Emitted before sending a websocket request.
Cancellable: False
Parameters:

  • request <Object> Instance of Request class
  • message <string> Websocket message

websocketsend

Emitted before sending a message to a websocket.
Cancellable: True
Parameters:

  • request <Object> Instance of Request class
  • message <string> Websocket message

formsubmit

Emitted before submitting a form.
Cancellable: False
Parameters:

  • request <Object> Instance of Request class
  • form <string> Css selector of the form element.

fillinput

Emitted before filling an input element.
Cancellable: True
Parameters:

  • element <string> Css selector of the input element

Example:

// Set a custom value to input field and prevent auto-filling
crawler.on("fillinput" (e, crawler) => {
  await crawler.page().$eval(e.params.element, input => input.value = "My Custom Value");
  return false;
});

newdom

Emitted when new DOM content is added to the page.
If false is returned the new element won't be crawled.
Triggered only while crawling.
Cancellable: True
Parameters:

  • rootNode <string> Css selector of the root element
  • trigger <string> Css selector of the element that triggered the DOM modification

Example:

// Find links within the newly added content
crawler.on("newdom", (e, crawler) => {
  const selector = e.params.rootNode + " a";
  crawler.page().$$eval(selector, links => {
    for(let link of links)
      console.log(link);
  });
});

navigation

Emitted when the browser tries to navigate outside the current page.
Cancellable: False
Parameters:

  • request <Object> Instance of Request class

domcontentloaded

Emitted when the DOM is loaded for the first time (on page load). This event must be registered before load() Cancellable: False
Parameters: None

redirect

Emitted when a redirect is requested.
Cancellable: True
Parameters:

  • url <string> Redirect URL

earlydetach

Emitted when an element is detached before it has been analyzed.
Cancellable: False
Parameters:

  • element <string> Css selector of the detached element

triggerevent

Emitted before triggering an event. This event is available only after start()
Cancellable: True
Parameters:

  • element <string> Css selector of the element
  • event <string> Event name

eventtriggered

Emitted after en event has been triggered. This event is available only after start()
Cancellable: False
Parameters:

  • element <string> Css selector of the element
  • event <string> Event name

crawlelement

Emitted when starting crawling a new element. Cancellable: False Parameters:

  • element <string> Css selector of the element
  • event <string> Event name

postmessage

Emitted when window.postMessage is called. Cancellable: True Parameters:

  • destination <string> Css selector of the destination of the message
  • message <Object> Message
  • targetOrigin <string> targetOrigin
  • transfer <Object> transfer

Object: Request

Object used to hold informations about a request.

  • type <string> Type of request. It can be: link, xhr, fetch, websocket, jsonp, form, redirect
  • method <string> Http Method
  • url <string> URL
  • data <string> Request body (usually POST data)
  • trigger <string> Css selector of the HTML element that triggered the request
  • extra_headers <Object> Extra HTTP headers
  • timestamp <Number> Timestamp of the request

Object: Custom UI

Object used to configure the custom UI (the interface with the browser's extension). The browser's extension can be generated with npx htcrawl lib scaffold <dir>.

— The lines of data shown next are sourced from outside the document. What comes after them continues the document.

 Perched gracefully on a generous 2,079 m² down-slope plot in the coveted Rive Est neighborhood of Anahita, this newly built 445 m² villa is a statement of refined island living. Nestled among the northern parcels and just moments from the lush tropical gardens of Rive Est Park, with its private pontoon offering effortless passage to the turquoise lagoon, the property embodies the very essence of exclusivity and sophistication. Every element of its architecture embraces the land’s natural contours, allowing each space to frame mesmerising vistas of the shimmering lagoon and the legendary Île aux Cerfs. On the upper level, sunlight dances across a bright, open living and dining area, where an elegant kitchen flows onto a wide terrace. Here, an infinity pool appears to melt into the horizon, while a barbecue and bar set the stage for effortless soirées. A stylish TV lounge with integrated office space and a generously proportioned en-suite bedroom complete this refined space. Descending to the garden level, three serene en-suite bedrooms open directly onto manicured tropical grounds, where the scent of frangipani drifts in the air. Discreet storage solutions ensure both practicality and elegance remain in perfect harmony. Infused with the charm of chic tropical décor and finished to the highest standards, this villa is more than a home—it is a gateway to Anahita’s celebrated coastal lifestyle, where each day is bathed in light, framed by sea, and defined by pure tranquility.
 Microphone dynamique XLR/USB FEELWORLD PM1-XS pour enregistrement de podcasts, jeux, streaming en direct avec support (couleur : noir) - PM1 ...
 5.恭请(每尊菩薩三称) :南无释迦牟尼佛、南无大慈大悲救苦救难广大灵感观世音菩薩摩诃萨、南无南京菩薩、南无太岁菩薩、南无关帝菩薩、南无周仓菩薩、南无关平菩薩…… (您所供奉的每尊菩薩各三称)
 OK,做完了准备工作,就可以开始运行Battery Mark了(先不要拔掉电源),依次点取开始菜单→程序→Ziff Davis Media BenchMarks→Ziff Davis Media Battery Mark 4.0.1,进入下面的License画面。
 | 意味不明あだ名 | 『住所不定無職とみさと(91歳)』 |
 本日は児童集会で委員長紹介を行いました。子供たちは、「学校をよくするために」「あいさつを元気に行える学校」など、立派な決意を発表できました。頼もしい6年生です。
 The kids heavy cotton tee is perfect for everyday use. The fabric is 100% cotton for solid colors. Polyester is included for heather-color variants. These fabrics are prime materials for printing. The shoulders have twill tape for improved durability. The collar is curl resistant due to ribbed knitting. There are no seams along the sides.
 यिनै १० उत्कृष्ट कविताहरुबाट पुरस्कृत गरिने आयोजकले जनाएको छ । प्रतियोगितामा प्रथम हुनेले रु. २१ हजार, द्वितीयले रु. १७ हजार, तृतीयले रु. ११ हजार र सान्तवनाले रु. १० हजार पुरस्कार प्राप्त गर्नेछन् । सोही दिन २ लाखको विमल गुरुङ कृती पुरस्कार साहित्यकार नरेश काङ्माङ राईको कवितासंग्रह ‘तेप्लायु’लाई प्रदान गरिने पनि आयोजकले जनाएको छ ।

  • extensionPath <sting> The path to the extension's folder
  • UIMethods <Function> A function that is evaluated in the page's context that is used to set up the methods that are invoked from the browser's extension. It takes the UI object as parameter.
  • events <object> Object containing the events that are triggered from the methods defined in 'UIMethods'

Object UI

Object that can be extended with custom methods. It resides in the context of the page.
By default, it contains two properties:

  • dispatch <Function> Dispatch a message to the crawler (node-side)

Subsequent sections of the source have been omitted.